Margarete Schilling: Kunst, Erz und Klang.Kapitel Glockenspiele. Henschel Verlag Berlin, 1992.

 

            Das Schlußkapitel Glockenspiele beginnt um 1900 als eine Geschichte der Glockenspiel- und Carillonherstellung der Familie Schilling und endet als eine Chronik der gesamten Arbeit der Autorin Margarete Schilling und ihres Ehemannes Franz Peter. Wer also Auskunft über deren Läuteglocken sucht, muß das Kapitel Glockenspiele lesen. Auch die Geschichte des 1938 gegossenen Schilling-Geläuts für die Potsdamer Garnisonkirche ist hier zu finden. Ansonsten belegt dieser Teil des Buches die für eine deutsche Gießerei einmalige Verbundenheit mit dem Glockenspiel und insbesonders mit dem Carillon - einem Glockenspiel mit einem Stockspieltisch, einer mechanischen Traktur und einem Umfang von mindestens zwei chromatischen Oktaven. Neben Carillons für Norwegen und Litauen und mehreren Glockenspielen für das In- und Ausland schufen Mitglieder der Familie Schilling zwischen 1910 und 1993 insgesamt 25 Carillons für Deutschland, bauten das Saalfelder Glockenspiel zu einem Carillon um und arbeiteten an einem großen Carillon für Halle mit.

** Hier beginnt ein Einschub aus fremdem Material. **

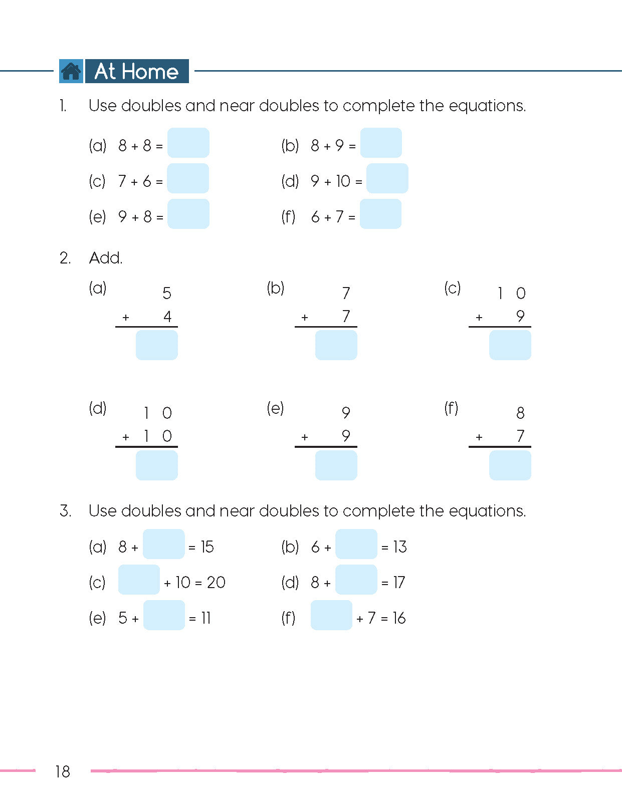 At Home: Further practice designed to be completed without the guidance of a teacher. Exercises and problems in this section follow on from those completed under Let’s Practice.
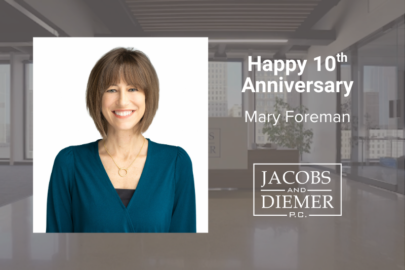 Jacobs and Diemer would not be what it is today without Mary. We are extremely lucky to work with Mary, and can only hope that others get to work with someone as great as her.
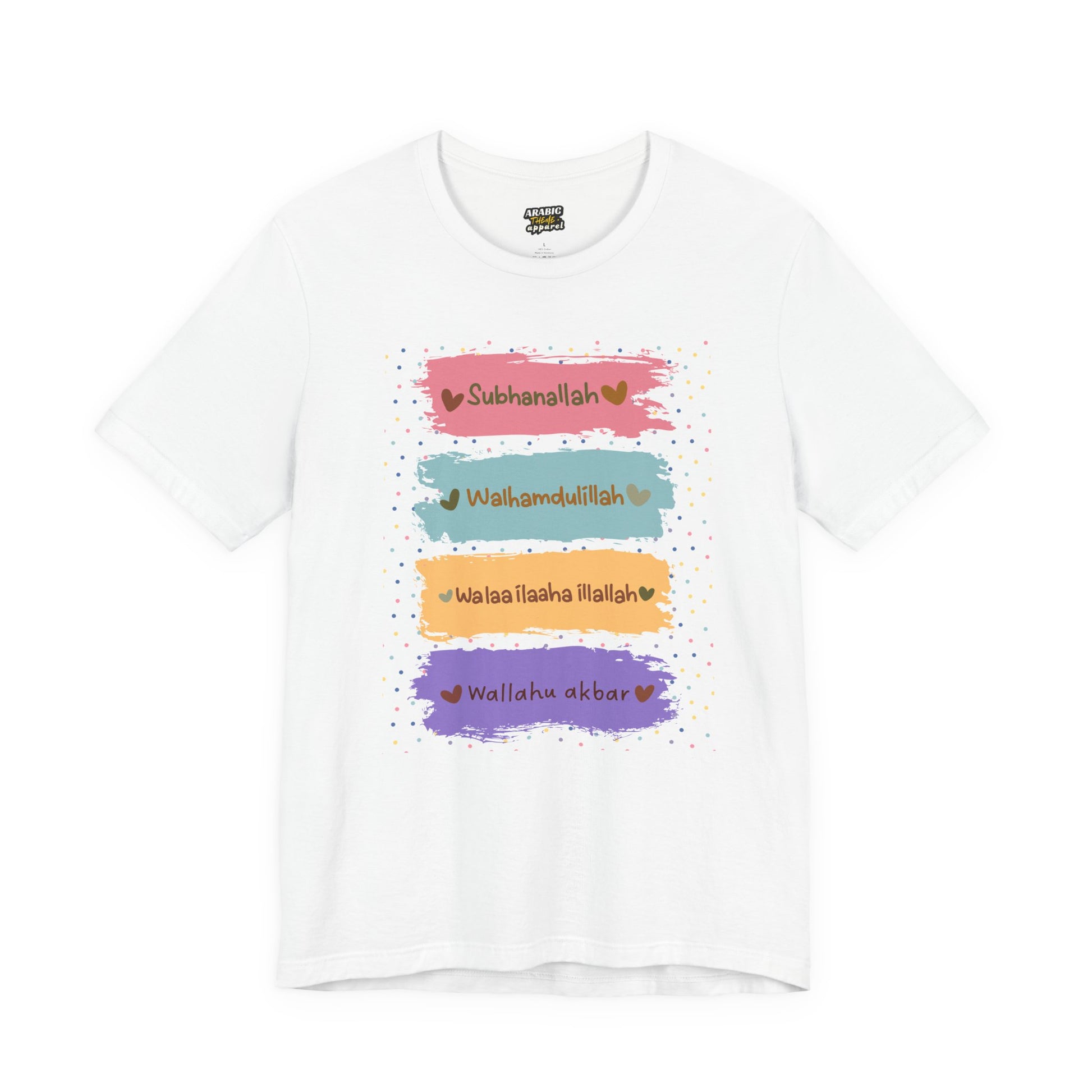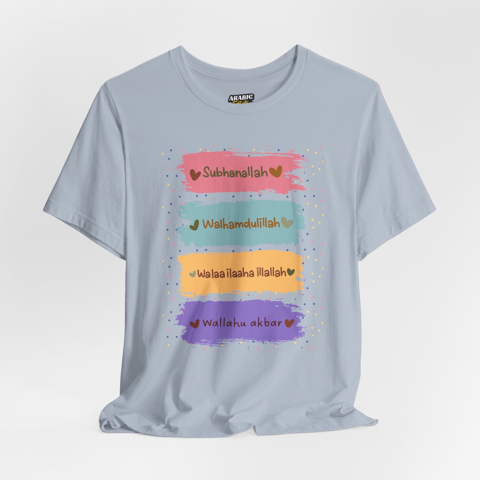Spread positivity and faith with our Zikr Dhikr Typographic Tee T-Shirt - Colorful Cozy Soft Cotton Unisex Tee! A cozy and stylish pullover designed to remind us of the Zikr Dhikr. The Zikr phrase "Subhanallah walhamdulillah wala ilaha illallah wallahu akbar" means "Glory be to Allah, all praise is due to Allah, there is no god but Allah, and Allah is great," a powerful remembrance (dhikr) in Islam, considered more beloved to Allah than worldly things, helping sins fall like leaves, and acting as a "paradise plant" for spiritual reward.

            Viele der zahlreichen Abbildungen meistens guter Qualität erscheinen hier zum ersten Mal und stellen eine wertvolle Dokumentation dar. Allein dem Guß und der Lieferung des Glockenspiels für Philadelphia, USA widmet der Autorin 29 Fotos, die u.a. das typische Herstellungsverfahren in der Schilling-Gießerei um 1930 zeigen. Allerdings fehlen oft die Daten, und die Legende des seltsam zerschnitten Bildes Eugen Thiele am Übungs-spieltisch für das Glockenspiel Berlin-Wannsee, 1935 kann nicht stimmen, da laut der Autorin jenes Instrument lediglich 18 Glocken hatte und nur automatisch erklang! Der abgebildete mehroktavige Übungsapparat endet mit einer hohen f-Taste und war vermutlich für das von Thiele technisch betreute Carillon der Potsdamer Garnisonkirche mit einem Spieltisch kleines c-d-e-chromatisch-f3 bestimmt.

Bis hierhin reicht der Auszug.